La grandezza si misura dal modo in cui l'acrobata cammina sulla fune sottile, lassù in cima, e di continuo ripropone il medesimo numero, impeccabile, ma colorandolo di una suspense diversa. Di una tempistica, diversa. Colorandolo di qualcosa, che è semplicemente diverso, pur essendo consueto. La grandezza è il modo in cui l'acrobata si veste da funambolo, e vola, come dotato di ali, e poi ciondola sull'altalena del trapezio, spensierato, come fosse su una piccola altalena di campagna, appesa a un albero, completando un altro numero. È sempre lo stesso, l'acrobata, ma si rimescola nella sua arte. La rende mirabilmente unica, ogni volta.

La grandezza è la mano che impasta una materia identica, creando però sagome inedite, ma con sembianze note, conosciute: basterebbe guardarle meglio, e scoprire che provengono dalle stesse dita, come quando si ravvisa che un figlio somiglia al padre, in un rinnovo incredibile di cromosomi. La grandezza è nuotare in solchi nuovi di mare, svagare, ad ampie bracciate, poi tornare a sguazzare in quelle acque familiari - le acque di prima, del passato - plasmando meravigliosi cerchi attorno. 

La grandezza è tutto questo. La grandezza è Chelsea Wolfe. Che cammina in equilibrio sulla fune sottile, lassù in cima, che oscilla leggiadra su altalene, che impasta argilla, che nuota e galleggia. Che sforna un altro disco, mentre l'estate muore. Ed è grande, perché sa rimescolarsi con ciò che (musicalmente) è stata, dopo averne preso le distanze.
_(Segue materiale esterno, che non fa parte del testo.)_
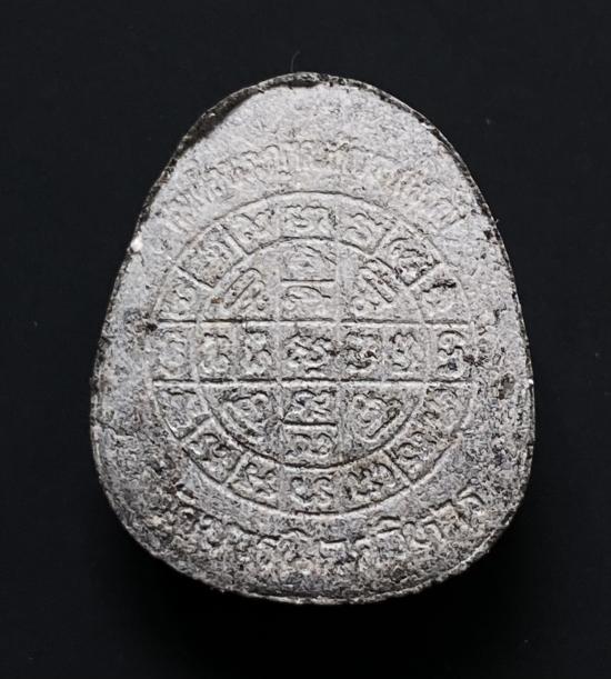 พระปิดตายันต์ดวงเล็ก ปี2523 สมเด็จพระญาณสังวร (เจริญ) วัดบวรนิเวศ_(เนื้อผงใบลานแช่น้ำมนต์บาง)_

E in ciò che è stata si rinnova, si eleva, si rende diversa pur rimanendo se stessa.

In Pain is Beauty rispolvera appena le chitarre acustiche, grezze: un folk che era stato prassi nel disco precedente (Reins, almeno inizialmente, Lone, e nell’autentico miracolo, They’ll Clap When You’re Gone). E poi riveste l’abito nero, è in fondo la solita doom lady, si decora con guglie, e impasta il dark al gotico. Si siede al piano, profondo e dondolante (The Waves Have Come), impasta synth e beat che erano propri di Apokalypsis, esplorando dunque i campi dell’elettronica, già conosciuti (The Warden).

Quella di Chelsea rimane una musica intimamente spirituale, eterea, ed è un clima creato dalle tastiere solenni (Sick, con la conclusione di un’eco disperata) o dalla voce che pare derivi da grotte remote, ancestrali (House of Metal, dove tornano gli archi mai abbandonati). Indugia nel carattere abrasivo (Feral Love, quasi primitiva nella sua violenza bestiale), nello spessore del basso (We Hit a Wall), nelle sonorità sbilenche e acide del passato (Destruction Makes the World Burn Brighter, un po’ ridondante nelle modulazioni e negli ululati, e Kings, cupa e distorta).

Le parole non si distinguono, non si vedono, perché si fanno suono e musica anch’esse, in un amalgama pieno e colto. La voce è un elettrocardiogramma mai piatto, un cuore che batte, si abbassa e si alza, variando con ricami, partendo da una mera linea sottile. Una voce mai incolore e annoiata, che dice dell’amore, e del dolore che è bellezza, è catarsi e rigenerazione e vita. Ed è tutto raccontato con grandezza, tra altalene, argilla e mare. Perché Chelsea è ciò che era, e ciò che è: cioè grande, tanto grande.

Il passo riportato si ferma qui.